KIZDIRACAK in English translation

mad
kızgın
deli
çılgın
sinirli
kuduz
delice
kaçık
kızdı
delirmiş
öfkeli
angry
kızgın
sinirli
öfke
asabi
kızdı
sinirlendi
kızar
to upset
üzmek
kızdırmak
üzecek
üzmeyi
sinirlendirecek
bu üzecek
üzülmesini
bozulmayı
to offend
gücendirmek
kırmak
kızdıracak
rencide etmek
rahatsız etmek
incitmek
hakaret etmek
alınmasını
saygısızlık etmek
to piss off
kızdırmak
sinirlendirmek
defol git
to anger
öfkeye
kızdıracak
sinirlendirmek
öfkelendirecek
sinirimi
kızgınlığa
annoy
eziyet
rahatsız
kızdırıyorsun
sinirlendiriyorsun
sinir
interrupt
enraged
öfkelendirirsin
kızgın
s gonna be furious
to vex
canını sıkmak
kızdıracak

Examples of using Kızdıracak in Turkish and their translations into English

{-}
  • Colloquial category close
  • Ecclesiastic category close
  • Ecclesiastic category close
  • Computer category close
  • Programming category close
Trumpı kızdıracak ne yaptın?- Günaydın Roger?
Morning, Roger. What would you do to piss off Trump?
Sizi kızdıracak başka ne yaptı?
What else had he done to upset you?
Birbirlerini kızdıracak şeyler yapıyorlar.
That annoy one another. Societies and countries
Onun ruhunu kızdıracak bir şeyler oldu ve hepimiz tehlikedeyiz.
Something happened that enraged her spirit and we are all in danger.
Bu iş bir sürü insanı kızdıracak.
It's gonna make a lot of people mad.
Özellikle de sen her zaman bizi kızdıracak bir şeyler yaptın.
Especially you, you have always done everything to make us angry.
Sizi kızdıracak bir şey mi yaptım?
Have I done something to offend you?
Dan, seni kızdıracak ne yaptım bilmiyorum.
Dan, I don't know what I have done to upset you.
Seni kızdıracak yeni bir şey yapmış olmalıyım.
I have done something new to anger you.
Peki ama, halkı kızdıracak ne yaptık?
Okay, what did we do to piss off the locals?

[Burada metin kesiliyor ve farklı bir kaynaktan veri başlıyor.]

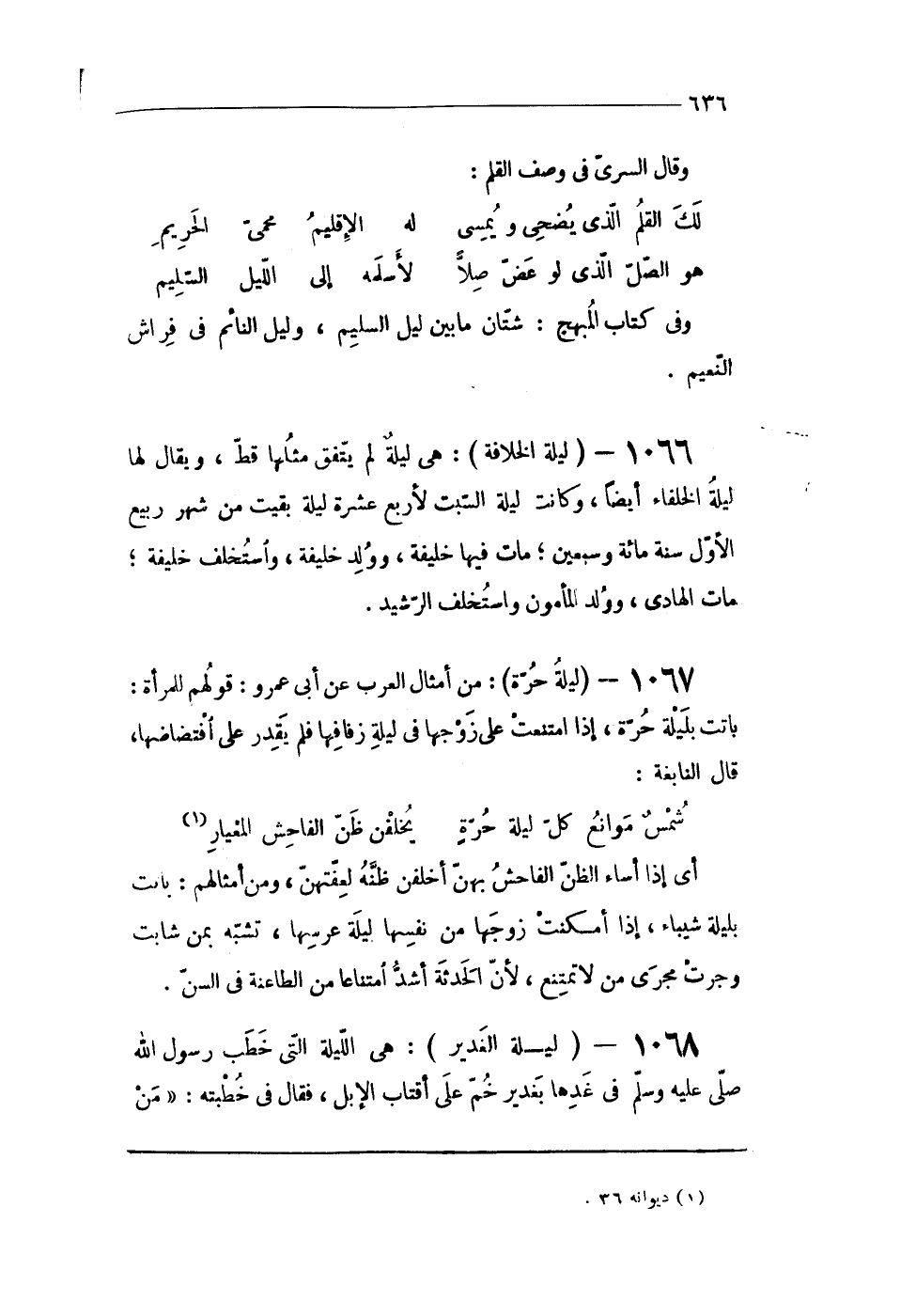 1068 - (لَيْلَة الغدير) هى اللَّيْلَة الَّتِى خطب رَسُول الله صلى الله عَلَيْهِ وَسلم فى غدها بغدير خم على أقتاب الْإِبِل فَقَالَ فى خطبَته (من

Bu büyükanneyi oldukça kızdıracak.
That's gonna make Grandma really mad.
Bu onu çok kızdıracak.
Oh, man, he's gonna be furious.
Toplumlar, ülkeler, yönetimler birbirlerini kızdıracak şeyler yapıyorlar.
That annoy one another. Societies and countries and governments do things.

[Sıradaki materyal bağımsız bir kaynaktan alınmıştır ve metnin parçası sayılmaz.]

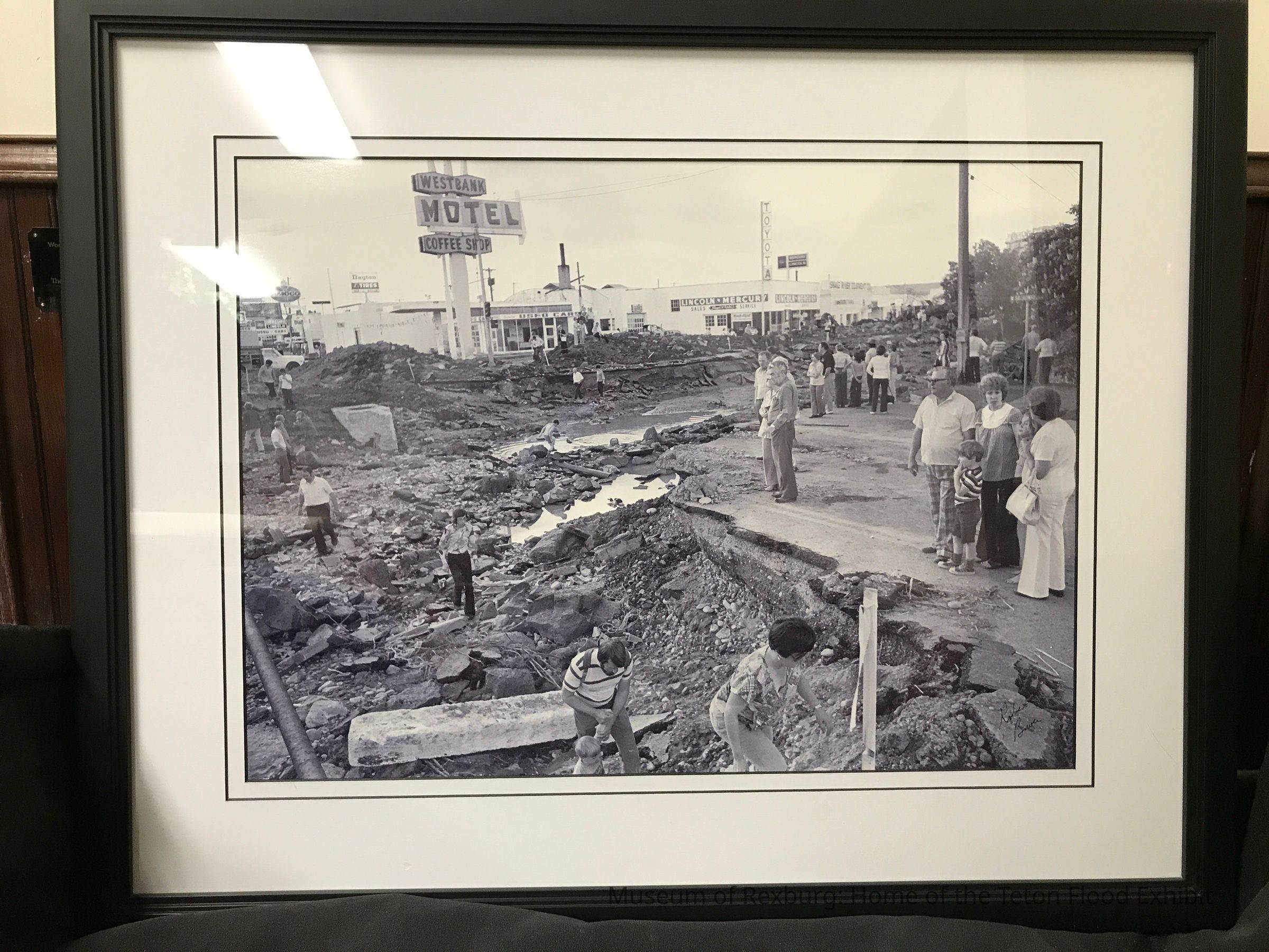 This photo is black and white and shows people admiring the trench that was built around the Broadway Bridge in order to save the bridge. This photo is on display in the flood room in the museum. It is in a black frame with a white border around the photo. This photo is 25.5 x 31 inches big.

Prensi kandıracak, Claudioyu kızdıracak, Heroyu mahvedecek
Proof enough to misuse the prince, to vex Claudio, to undo Hero
Seni kızdıracak bir şey yaptım mı?
Have I done something to offend you?
Sizi kızdıracak bir şey yapmış olmalıyım.
I must have done something to upset you.
O, er ya da geç beni kızdıracak.
Sooner or later he will drive me mad.
Bu onu çok kızdıracak.
He's gonna be furious!
Tamam. Hafifçe. Boğayı kızdıracak ne yaptın?
Lightly.- Okay. What did you do to piss off a bull?
Seni kızdıracak bir şey mi yaptım?
Is there something I have done to offend you?